THE PROBLEM
Stop at the line containing "The marimo and": write out every line from the beginning of the entries up to and including it, minus the pictures.

*** Opening of INPUT DATA ***

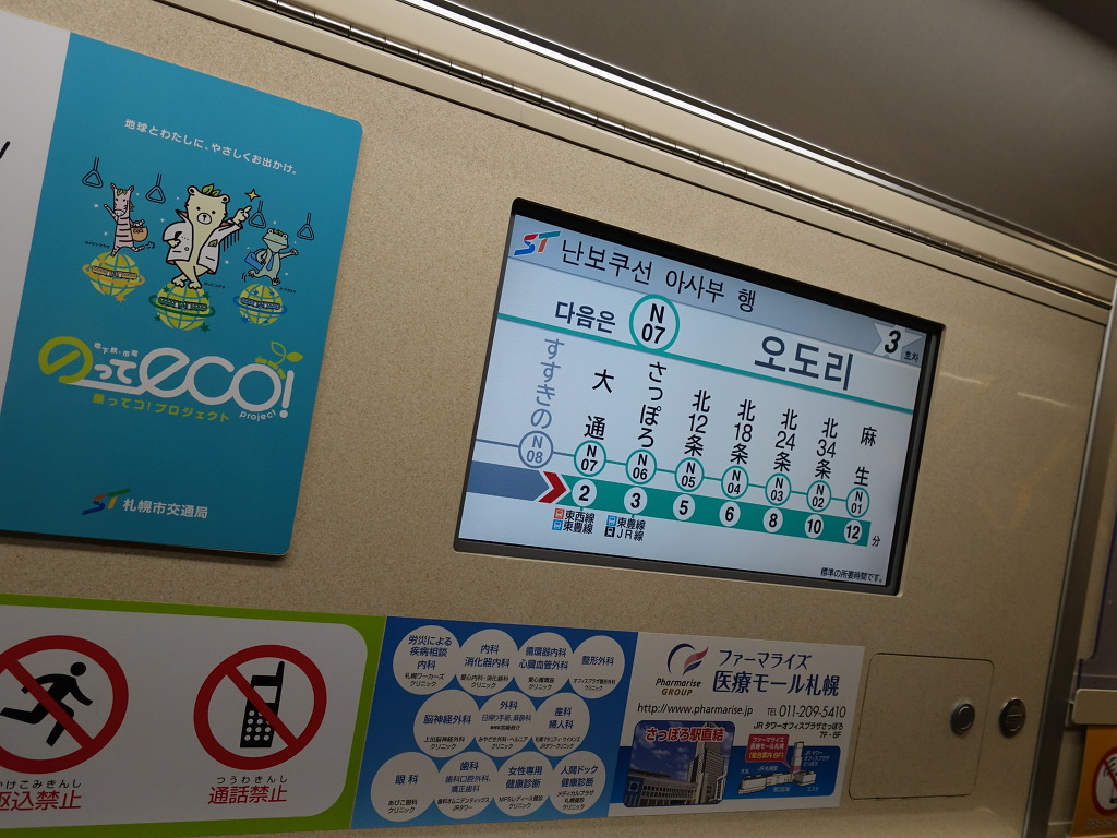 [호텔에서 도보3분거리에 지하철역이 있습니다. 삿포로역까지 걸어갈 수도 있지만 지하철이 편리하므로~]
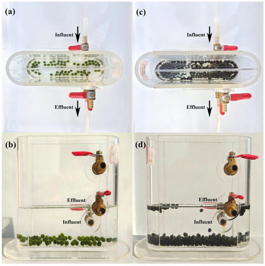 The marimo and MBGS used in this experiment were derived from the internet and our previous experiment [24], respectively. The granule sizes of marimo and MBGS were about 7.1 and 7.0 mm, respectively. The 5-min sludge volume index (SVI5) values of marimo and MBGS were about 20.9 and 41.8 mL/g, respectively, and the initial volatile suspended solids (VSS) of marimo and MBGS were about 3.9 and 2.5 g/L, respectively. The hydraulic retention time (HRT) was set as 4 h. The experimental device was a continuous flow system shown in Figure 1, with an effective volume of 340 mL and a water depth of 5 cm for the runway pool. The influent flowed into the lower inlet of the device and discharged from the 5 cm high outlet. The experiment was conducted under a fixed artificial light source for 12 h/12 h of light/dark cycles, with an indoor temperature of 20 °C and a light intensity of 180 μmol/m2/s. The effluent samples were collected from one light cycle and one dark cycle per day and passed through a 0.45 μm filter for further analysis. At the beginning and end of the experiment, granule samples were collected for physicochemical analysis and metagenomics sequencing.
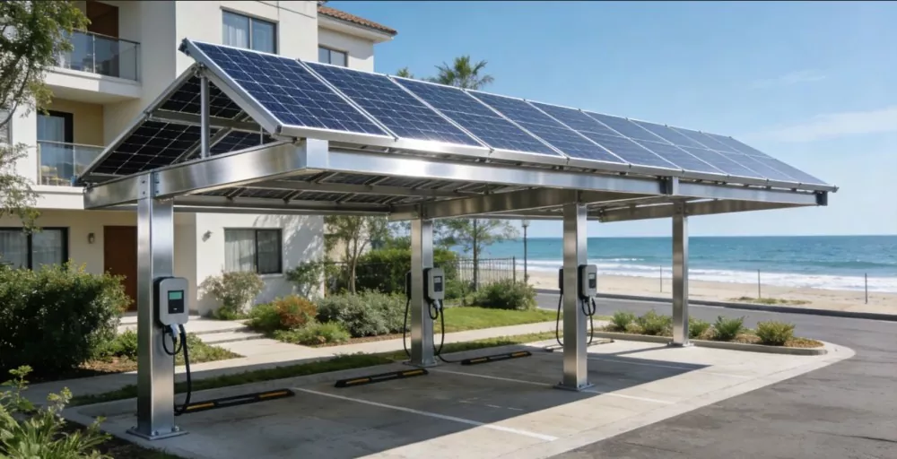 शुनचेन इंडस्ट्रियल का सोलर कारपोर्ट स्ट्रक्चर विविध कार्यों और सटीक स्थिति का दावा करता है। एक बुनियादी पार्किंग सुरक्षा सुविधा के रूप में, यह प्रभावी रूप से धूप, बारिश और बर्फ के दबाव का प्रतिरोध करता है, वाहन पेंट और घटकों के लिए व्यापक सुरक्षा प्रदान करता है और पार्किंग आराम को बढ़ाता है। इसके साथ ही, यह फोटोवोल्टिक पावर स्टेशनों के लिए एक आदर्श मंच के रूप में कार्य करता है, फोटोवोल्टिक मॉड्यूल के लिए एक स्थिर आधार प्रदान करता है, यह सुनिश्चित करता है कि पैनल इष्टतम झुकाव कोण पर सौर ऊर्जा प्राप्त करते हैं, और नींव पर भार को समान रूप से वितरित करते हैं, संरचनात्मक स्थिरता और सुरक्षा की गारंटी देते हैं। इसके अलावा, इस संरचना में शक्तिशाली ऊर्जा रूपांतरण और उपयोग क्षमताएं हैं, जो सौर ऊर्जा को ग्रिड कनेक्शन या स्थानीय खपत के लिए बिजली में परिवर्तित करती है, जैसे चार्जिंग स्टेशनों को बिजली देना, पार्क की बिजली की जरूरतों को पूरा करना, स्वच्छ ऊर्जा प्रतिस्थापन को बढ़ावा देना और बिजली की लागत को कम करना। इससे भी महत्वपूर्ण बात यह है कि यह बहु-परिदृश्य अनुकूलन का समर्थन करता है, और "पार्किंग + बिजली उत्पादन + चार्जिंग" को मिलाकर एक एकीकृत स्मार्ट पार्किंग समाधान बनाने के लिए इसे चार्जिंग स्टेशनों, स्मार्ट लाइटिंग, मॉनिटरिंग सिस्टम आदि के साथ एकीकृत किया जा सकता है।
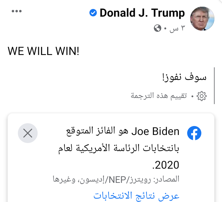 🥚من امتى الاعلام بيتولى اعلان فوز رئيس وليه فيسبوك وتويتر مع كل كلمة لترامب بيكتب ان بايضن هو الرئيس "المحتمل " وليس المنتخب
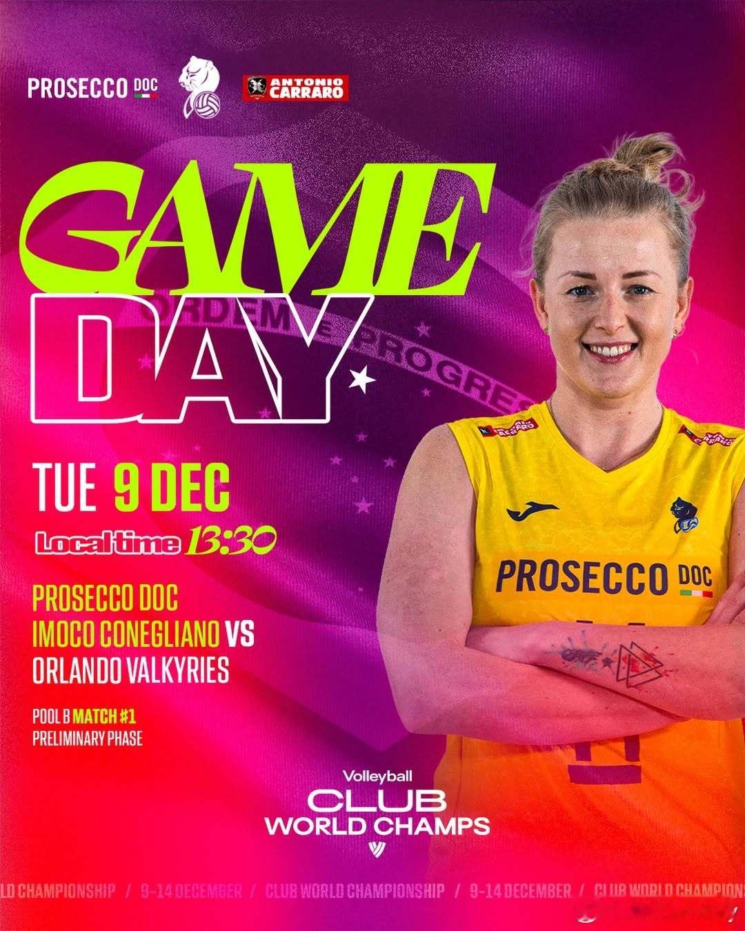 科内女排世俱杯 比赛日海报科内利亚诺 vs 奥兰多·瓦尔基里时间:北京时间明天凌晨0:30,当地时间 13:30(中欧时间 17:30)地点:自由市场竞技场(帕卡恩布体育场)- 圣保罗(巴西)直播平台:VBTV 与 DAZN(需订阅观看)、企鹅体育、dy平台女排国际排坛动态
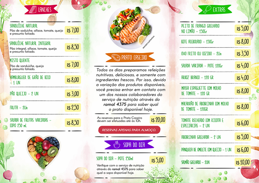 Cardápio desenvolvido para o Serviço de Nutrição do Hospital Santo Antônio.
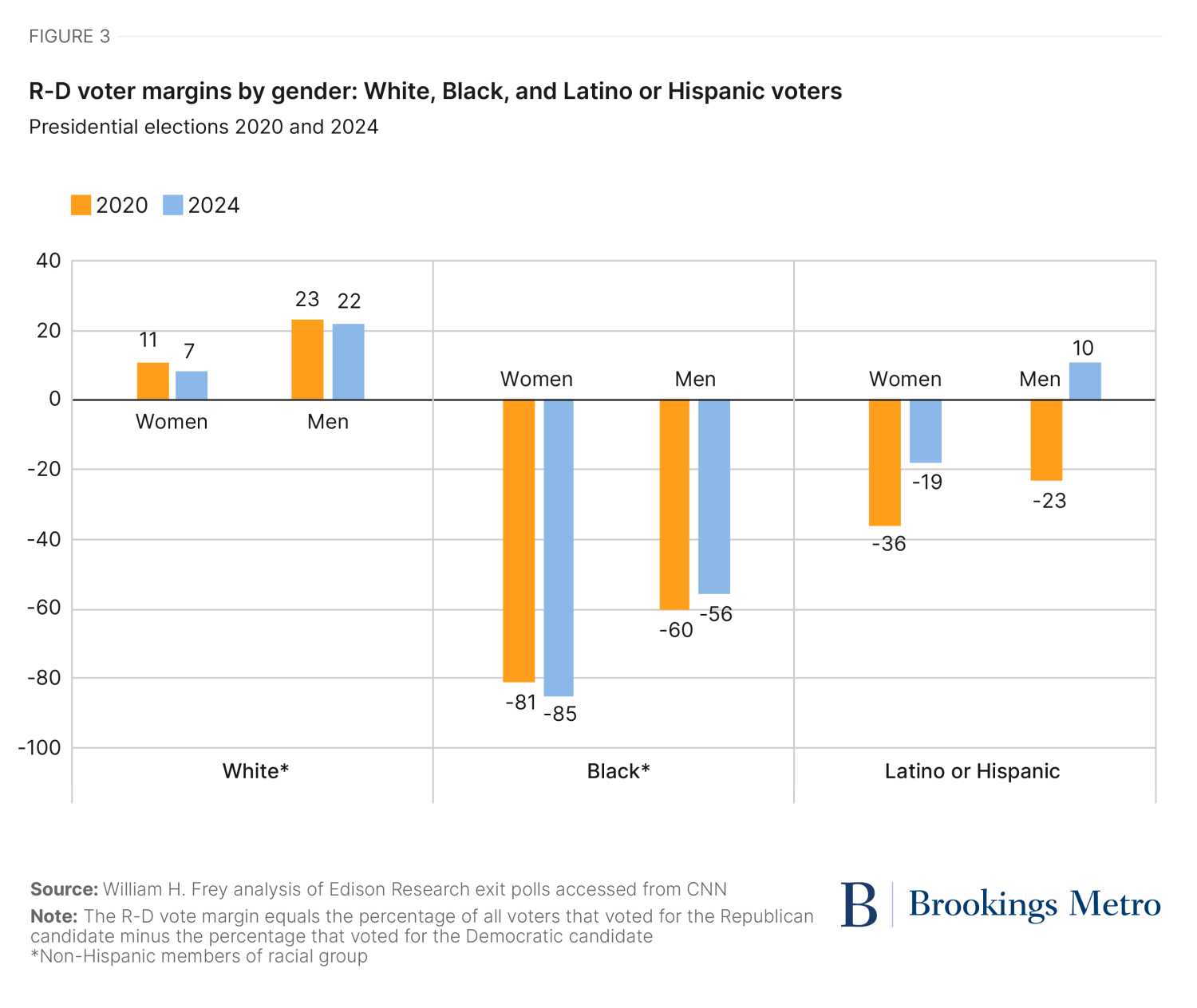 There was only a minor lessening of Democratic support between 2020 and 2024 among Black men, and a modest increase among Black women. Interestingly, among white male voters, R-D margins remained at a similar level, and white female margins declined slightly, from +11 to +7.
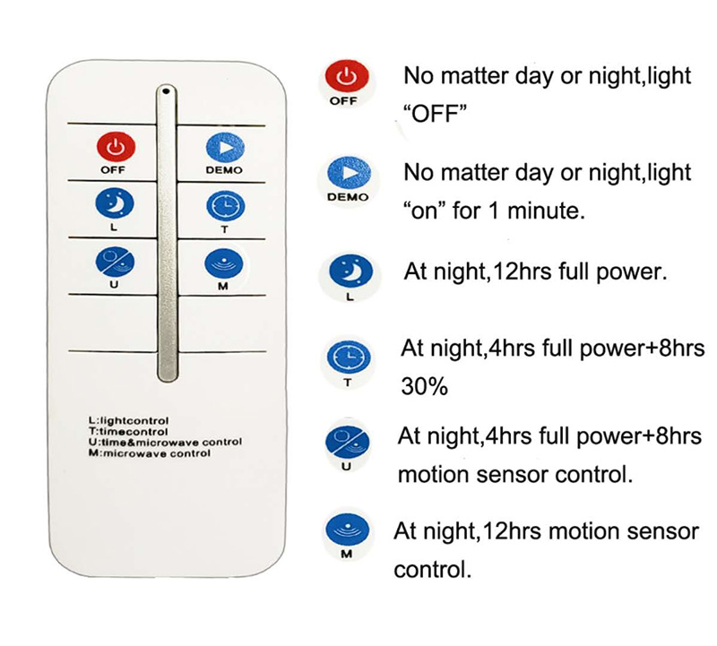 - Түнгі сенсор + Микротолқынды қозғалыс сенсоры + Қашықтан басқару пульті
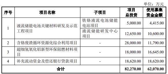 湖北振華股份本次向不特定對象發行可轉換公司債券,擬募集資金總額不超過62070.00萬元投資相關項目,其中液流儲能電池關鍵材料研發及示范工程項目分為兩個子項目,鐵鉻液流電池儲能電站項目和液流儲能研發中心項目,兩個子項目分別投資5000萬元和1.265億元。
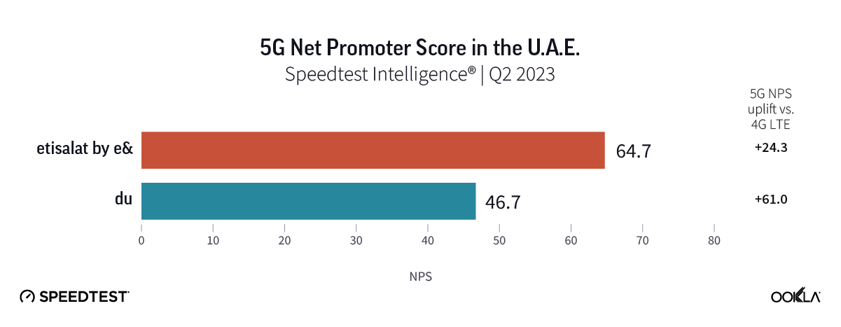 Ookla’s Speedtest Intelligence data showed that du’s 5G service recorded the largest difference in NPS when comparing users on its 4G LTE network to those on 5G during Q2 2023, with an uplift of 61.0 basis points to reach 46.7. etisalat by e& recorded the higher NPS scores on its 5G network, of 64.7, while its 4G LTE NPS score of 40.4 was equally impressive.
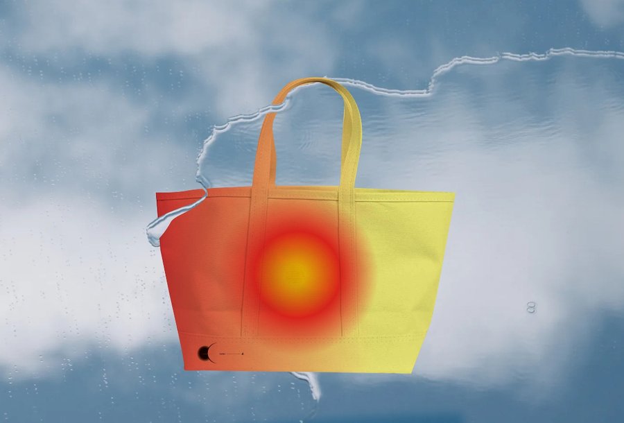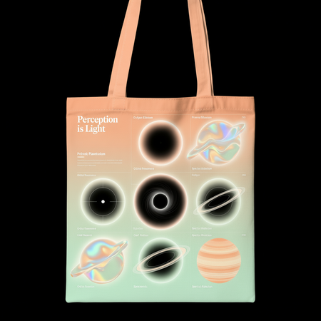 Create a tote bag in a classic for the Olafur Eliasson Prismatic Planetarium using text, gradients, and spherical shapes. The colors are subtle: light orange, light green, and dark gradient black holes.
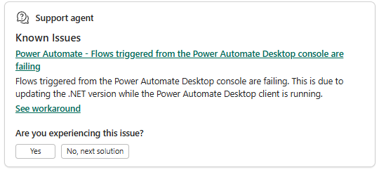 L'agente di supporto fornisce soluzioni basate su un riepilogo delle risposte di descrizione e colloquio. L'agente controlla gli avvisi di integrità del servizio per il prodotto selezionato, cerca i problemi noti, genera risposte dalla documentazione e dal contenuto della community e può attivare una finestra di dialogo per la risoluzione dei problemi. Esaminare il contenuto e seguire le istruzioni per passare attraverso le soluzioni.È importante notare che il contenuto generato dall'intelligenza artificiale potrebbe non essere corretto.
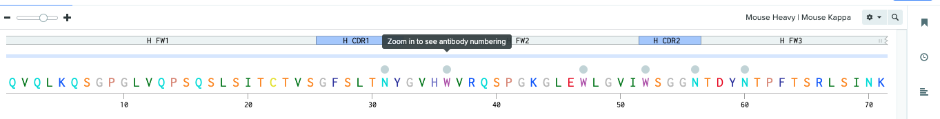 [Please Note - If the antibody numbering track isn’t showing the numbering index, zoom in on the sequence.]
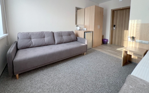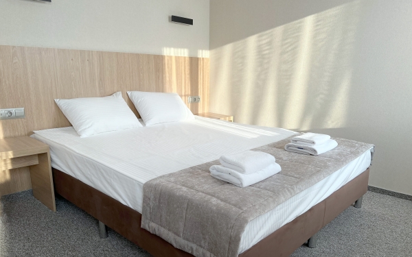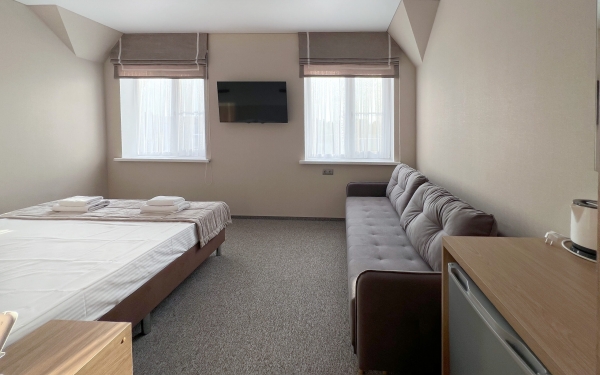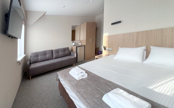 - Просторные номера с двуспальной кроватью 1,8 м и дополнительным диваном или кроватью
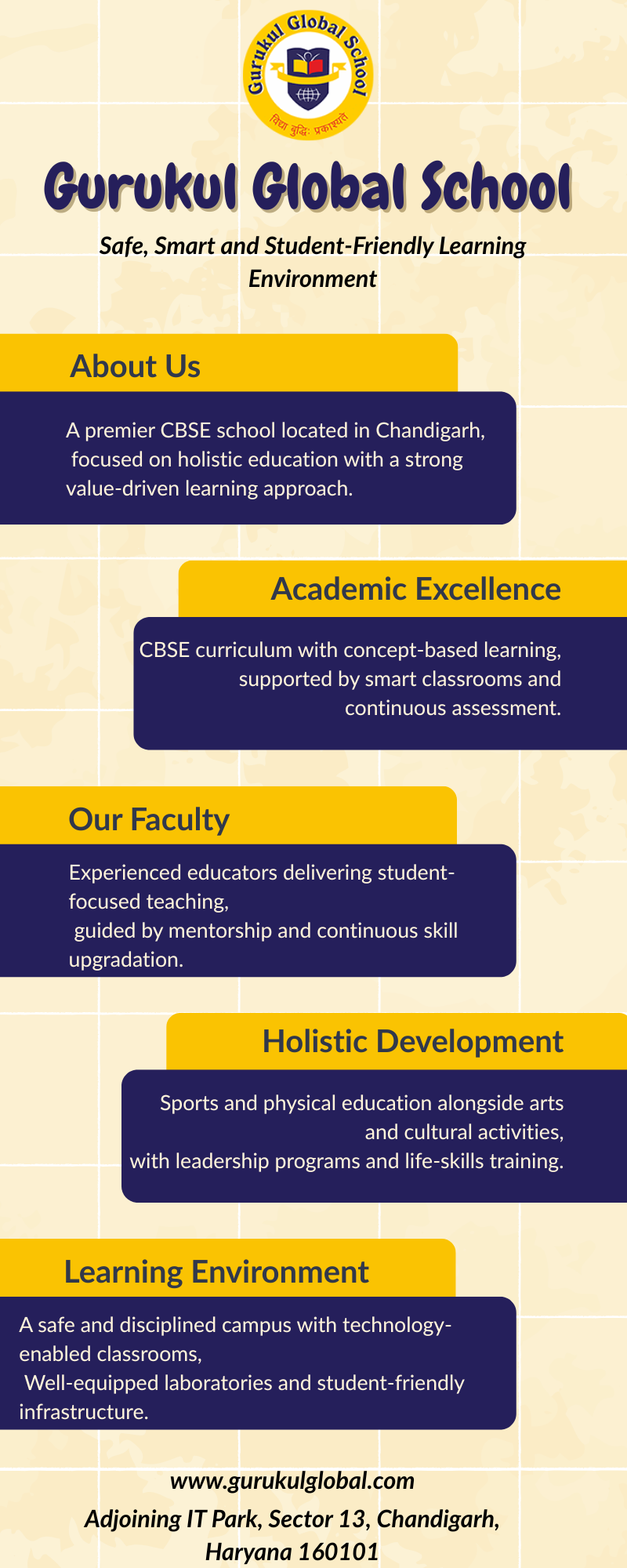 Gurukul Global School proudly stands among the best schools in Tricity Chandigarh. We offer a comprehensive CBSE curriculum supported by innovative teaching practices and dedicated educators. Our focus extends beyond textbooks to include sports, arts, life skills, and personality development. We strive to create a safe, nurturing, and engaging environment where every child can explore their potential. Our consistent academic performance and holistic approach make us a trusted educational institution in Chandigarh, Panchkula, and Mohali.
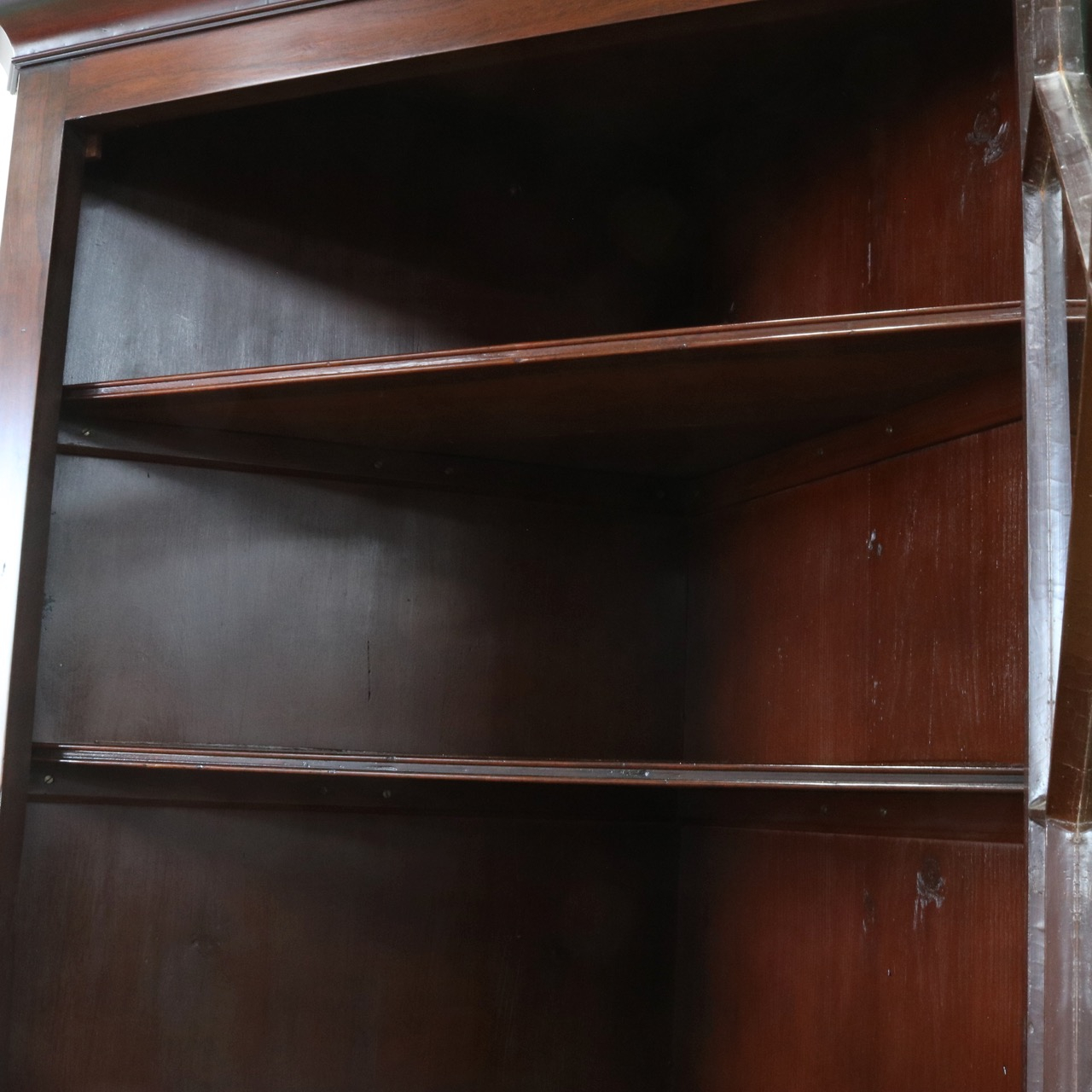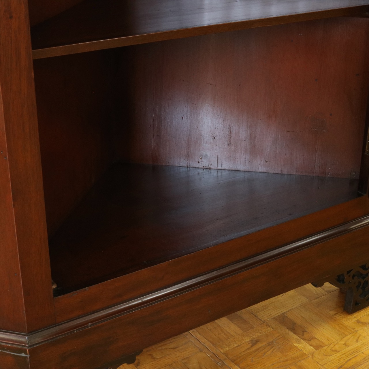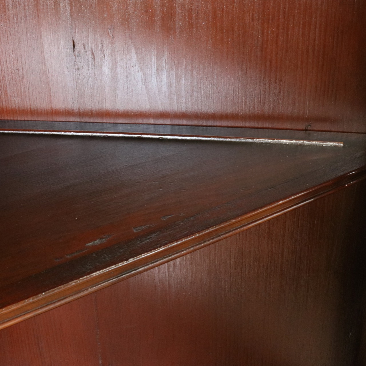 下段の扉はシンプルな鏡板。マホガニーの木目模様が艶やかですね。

*** Close of INPUT DATA ***

RESULT FOR THIS TASK
 [호텔에서 도보3분거리에 지하철역이 있습니다. 삿포로역까지 걸어갈 수도 있지만 지하철이 편리하므로~]
 The marimo and MBGS used in this experiment were derived from the internet and our previous experiment [24], respectively. The granule sizes of marimo and MBGS were about 7.1 and 7.0 mm, respectively. The 5-min sludge volume index (SVI5) values of marimo and MBGS were about 20.9 and 41.8 mL/g, respectively, and the initial volatile suspended solids (VSS) of marimo and MBGS were about 3.9 and 2.5 g/L, respectively. The hydraulic retention time (HRT) was set as 4 h. The experimental device was a continuous flow system shown in Figure 1, with an effective volume of 340 mL and a water depth of 5 cm for the runway pool. The influent flowed into the lower inlet of the device and discharged from the 5 cm high outlet. The experiment was conducted under a fixed artificial light source for 12 h/12 h of light/dark cycles, with an indoor temperature of 20 °C and a light intensity of 180 μmol/m2/s. The effluent samples were collected from one light cycle and one dark cycle per day and passed through a 0.45 μm filter for further analysis. At the beginning and end of the experiment, granule samples were collected for physicochemical analysis and metagenomics sequencing.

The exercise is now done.